A great way to keep contributors engaged is introducing the ability to see why a pull (or merge) request was executed, directly attached to code blocks in your IDE. Contributors would be able to understand the direct impact they’ve made on a project.
I had spoken with one project at Kubecon who mentioned it can often be months before a request is completed. This is due to the fact that a large user base will introduce more feature requests without any organization. This way when a request is finally completed, contributors won’t scratch their heads and endlessly search Slack archives for a conversation months ago to understand why the change was made.
Remove friction from the onboarding process to decrease new contributor dropout rate
The ability to view discussion on a block of code inside the editor would be helpful to onboard new developers. Many developers may lose interest in contributing to an open source project if they do not understand the documentation or the rationale for the project.

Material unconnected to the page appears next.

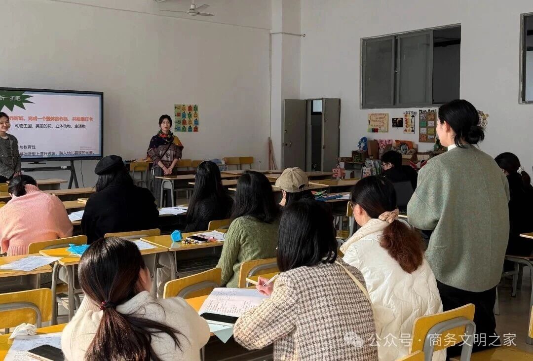 为深化课堂教学改革,促进教师专业成长,搭建教学交流平台,12月10日下午2点,我院王丽茹老师主讲的《幼儿园玩教具制作——纸元素玩教具创作》公开课在物华楼408教室圆满开展,各教研室教师及学生代表共同参与,课程以纸元素折纸玩教具创作为核心,践行理论实践一体化教学模式,有效实现技能传授与素养培育双提升。

With CodeStream, strategic discussions can be archived next to the code blocks inside your IDE. As a developer begins to make their first contributions to the project, the community can provide quick, informal feedback in the form of comments.
By expediting time for a potential contributor to understand the technical nuances in an open source project and provide feedback early on in the contributor’s journey, open source communities can decrease the drop off rate of contributors no longer interested in maintaining a project.
“When an open source project becomes large it becomes increasingly difficult for a limited number of core contributors to review each and every code request submitted. Very quickly this becomes a bottleneck for the entire project and slows the progress…Implementing peer review is the most common practice for fixing this bottleneck…”
-David Hurley, founder of Mautic (open source marketing automation service)
CodeStream enables collaborative peer review in real time by allowing the core contributors and users to discuss code changes. CodeStream encourages a process when any user can voice their opinion. Collaborators are freed up with more time to do what they do best — build more features. They do not have to answer every question since any user is free to comment on the codebase. This mechanism also empowers any user to actively participate in discussions where they are comfortable having smaller, informal conversations.
The benefit of open sourcing technology is providing more transparency. Potential customers can look “under the hood” to see how a new technology is built. Enterprises can properly audit the backend of software for any compliance or regulatory challenges. Open source effectively is a risk-free way for potential customers, who may want to buy a premium version of an open source product with enterprise controls in place to try the product first.
CodeStream is a great tool for core contributors to interact with these potential enterprise customers. Customers can point out specific code blocks which need to be edited or modified to use. This feedback layer works exceptionally well to ensure customers and contributors are looking at the same technology backend. Rather than go back in fourth on a Slack channel and look up specific instances, if a customer or general user who downloaded the product has a question, they can simply comment on the area to start a discussion with a contributor.